[PROBLEM TO SOLVE]
From the data below, repeat everything exactly except the images.

━━ DATA SEGMENT

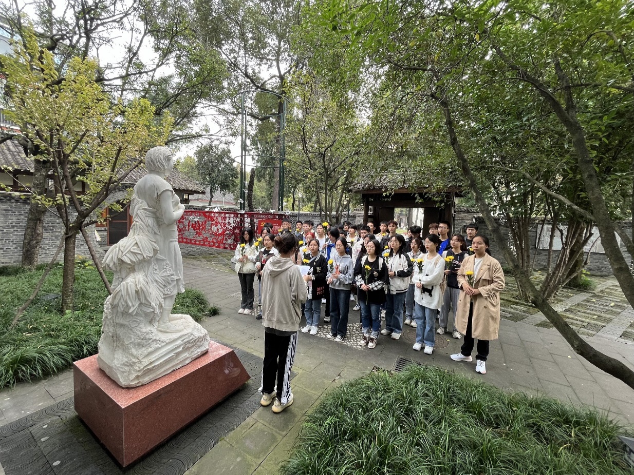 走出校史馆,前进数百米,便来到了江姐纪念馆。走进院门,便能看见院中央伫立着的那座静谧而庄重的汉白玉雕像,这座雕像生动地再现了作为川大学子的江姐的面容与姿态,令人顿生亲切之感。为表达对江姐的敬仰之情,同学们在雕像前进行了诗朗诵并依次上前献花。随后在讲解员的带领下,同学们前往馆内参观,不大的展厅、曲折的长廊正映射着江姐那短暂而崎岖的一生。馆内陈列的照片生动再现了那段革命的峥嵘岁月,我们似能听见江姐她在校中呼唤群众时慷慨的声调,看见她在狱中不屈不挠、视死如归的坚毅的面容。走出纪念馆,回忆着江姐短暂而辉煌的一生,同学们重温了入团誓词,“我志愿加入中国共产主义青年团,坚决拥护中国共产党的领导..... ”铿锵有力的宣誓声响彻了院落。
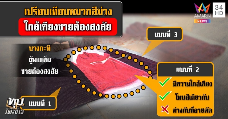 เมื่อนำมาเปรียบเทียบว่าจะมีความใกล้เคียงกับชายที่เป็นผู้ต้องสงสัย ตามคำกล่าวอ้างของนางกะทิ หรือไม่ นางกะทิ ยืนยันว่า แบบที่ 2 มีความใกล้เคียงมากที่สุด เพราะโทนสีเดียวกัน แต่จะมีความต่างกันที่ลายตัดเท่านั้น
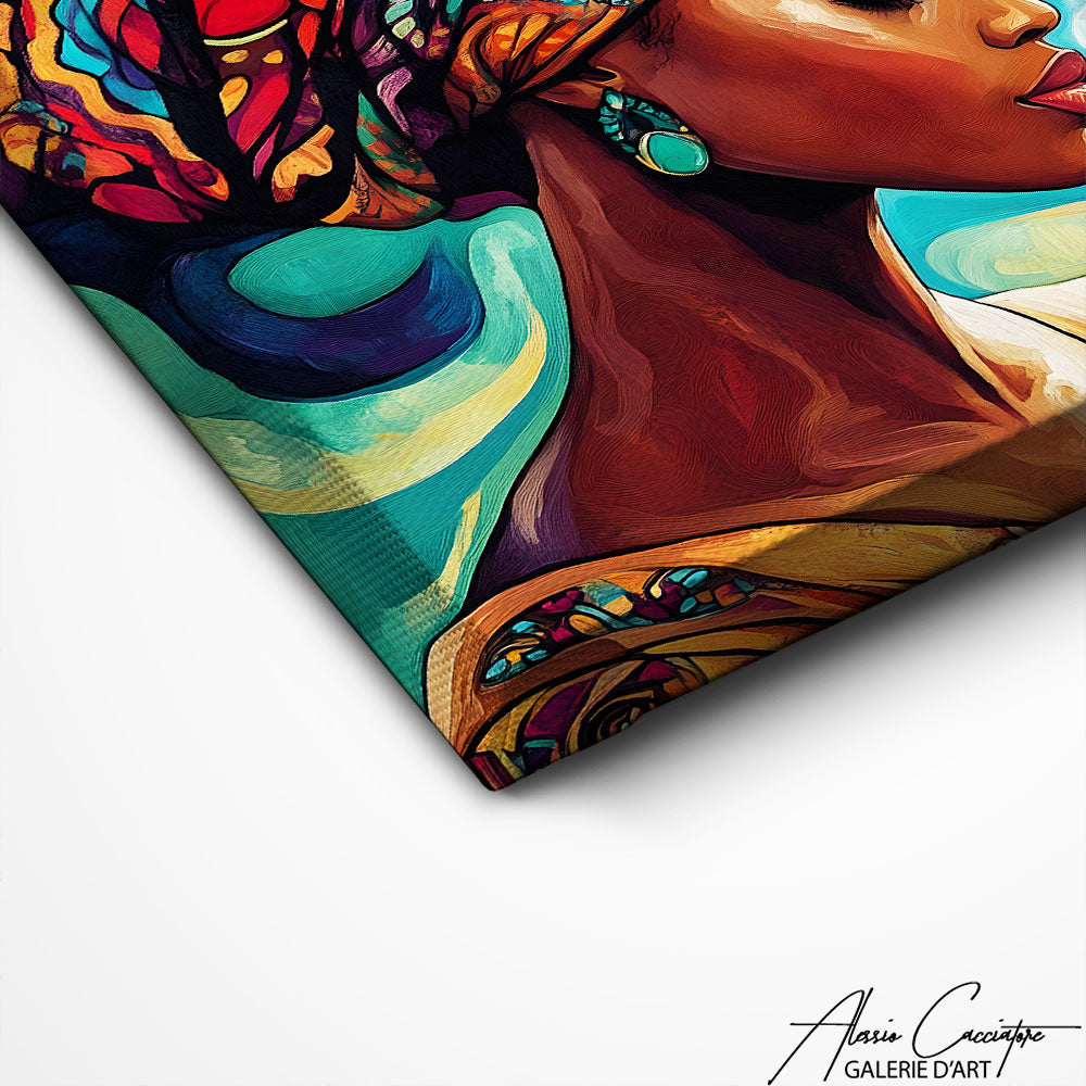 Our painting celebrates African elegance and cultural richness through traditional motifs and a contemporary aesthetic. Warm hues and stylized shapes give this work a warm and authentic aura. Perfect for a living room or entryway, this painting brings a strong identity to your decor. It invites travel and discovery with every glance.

━━━━

[SOLUTION]
 走出校史馆,前进数百米,便来到了江姐纪念馆。走进院门,便能看见院中央伫立着的那座静谧而庄重的汉白玉雕像,这座雕像生动地再现了作为川大学子的江姐的面容与姿态,令人顿生亲切之感。为表达对江姐的敬仰之情,同学们在雕像前进行了诗朗诵并依次上前献花。随后在讲解员的带领下,同学们前往馆内参观,不大的展厅、曲折的长廊正映射着江姐那短暂而崎岖的一生。馆内陈列的照片生动再现了那段革命的峥嵘岁月,我们似能听见江姐她在校中呼唤群众时慷慨的声调,看见她在狱中不屈不挠、视死如归的坚毅的面容。走出纪念馆,回忆着江姐短暂而辉煌的一生,同学们重温了入团誓词,“我志愿加入中国共产主义青年团,坚决拥护中国共产党的领导..... ”铿锵有力的宣誓声响彻了院落。
 เมื่อนำมาเปรียบเทียบว่าจะมีความใกล้เคียงกับชายที่เป็นผู้ต้องสงสัย ตามคำกล่าวอ้างของนางกะทิ หรือไม่ นางกะทิ ยืนยันว่า แบบที่ 2 มีความใกล้เคียงมากที่สุด เพราะโทนสีเดียวกัน แต่จะมีความต่างกันที่ลายตัดเท่านั้น
 Our painting celebrates African elegance and cultural richness through traditional motifs and a contemporary aesthetic. Warm hues and stylized shapes give this work a warm and authentic aura. Perfect for a living room or entryway, this painting brings a strong identity to your decor. It invites travel and discovery with every glance.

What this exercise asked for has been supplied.